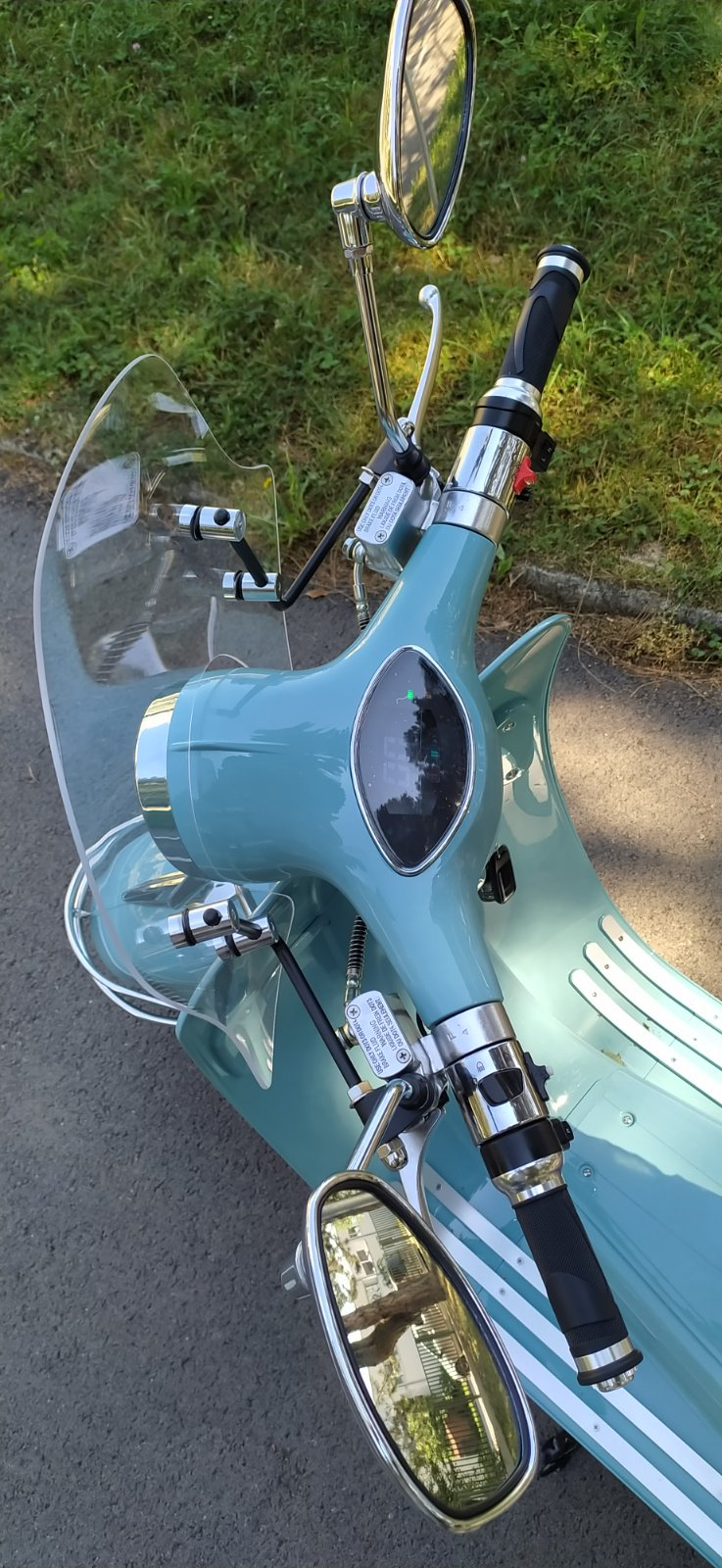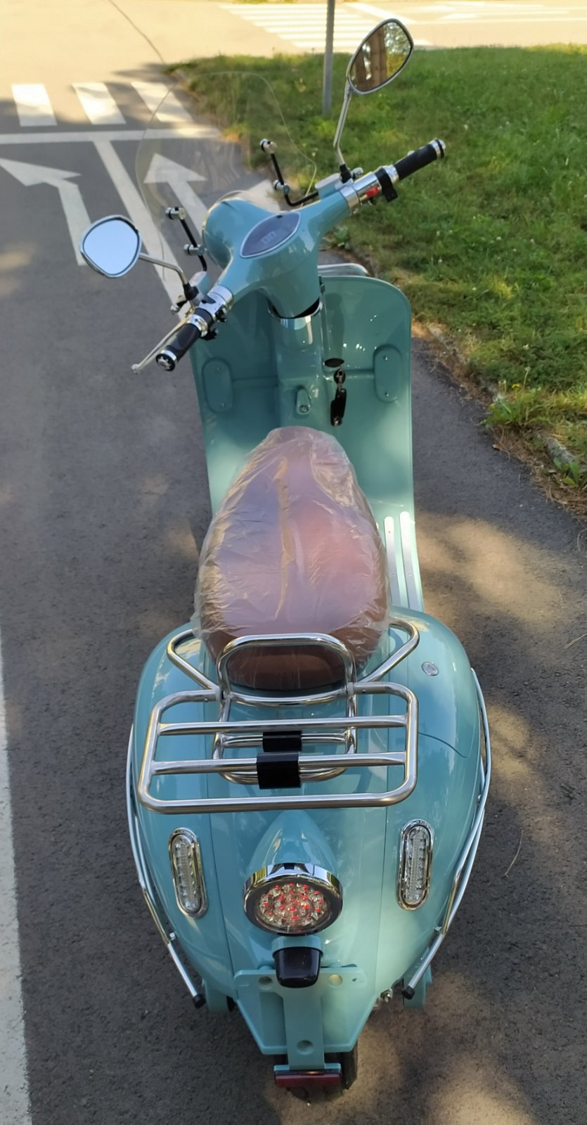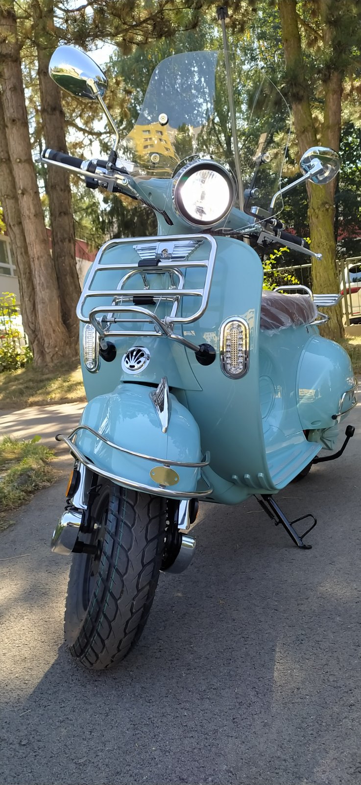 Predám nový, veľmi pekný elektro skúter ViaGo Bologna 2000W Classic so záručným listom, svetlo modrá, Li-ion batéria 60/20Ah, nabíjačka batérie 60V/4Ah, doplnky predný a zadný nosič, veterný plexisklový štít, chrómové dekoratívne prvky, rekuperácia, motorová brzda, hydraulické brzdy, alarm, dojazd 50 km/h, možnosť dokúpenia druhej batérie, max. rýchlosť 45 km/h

::::::::::

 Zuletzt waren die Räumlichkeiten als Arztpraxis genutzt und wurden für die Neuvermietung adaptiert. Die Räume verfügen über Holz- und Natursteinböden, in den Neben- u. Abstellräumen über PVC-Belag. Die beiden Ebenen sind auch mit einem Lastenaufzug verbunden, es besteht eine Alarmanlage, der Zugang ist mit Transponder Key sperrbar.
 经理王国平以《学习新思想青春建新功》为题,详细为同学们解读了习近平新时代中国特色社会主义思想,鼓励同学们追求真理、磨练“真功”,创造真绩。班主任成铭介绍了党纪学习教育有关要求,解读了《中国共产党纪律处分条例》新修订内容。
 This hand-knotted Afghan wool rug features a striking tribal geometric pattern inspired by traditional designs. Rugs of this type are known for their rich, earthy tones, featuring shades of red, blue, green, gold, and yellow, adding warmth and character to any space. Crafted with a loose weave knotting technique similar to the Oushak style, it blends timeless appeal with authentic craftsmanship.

::::::::::

**Exercise**
Set down, unchanged, only those lines above that fall between the line with "经理王国平以《学习新思想青春" and the line with "This hand-knotted Afghan", the two end lines included.

**Response area**
 经理王国平以《学习新思想青春建新功》为题,详细为同学们解读了习近平新时代中国特色社会主义思想,鼓励同学们追求真理、磨练“真功”,创造真绩。班主任成铭介绍了党纪学习教育有关要求,解读了《中国共产党纪律处分条例》新修订内容。
 This hand-knotted Afghan wool rug features a striking tribal geometric pattern inspired by traditional designs. Rugs of this type are known for their rich, earthy tones, featuring shades of red, blue, green, gold, and yellow, adding warmth and character to any space. Crafted with a loose weave knotting technique similar to the Oushak style, it blends timeless appeal with authentic craftsmanship.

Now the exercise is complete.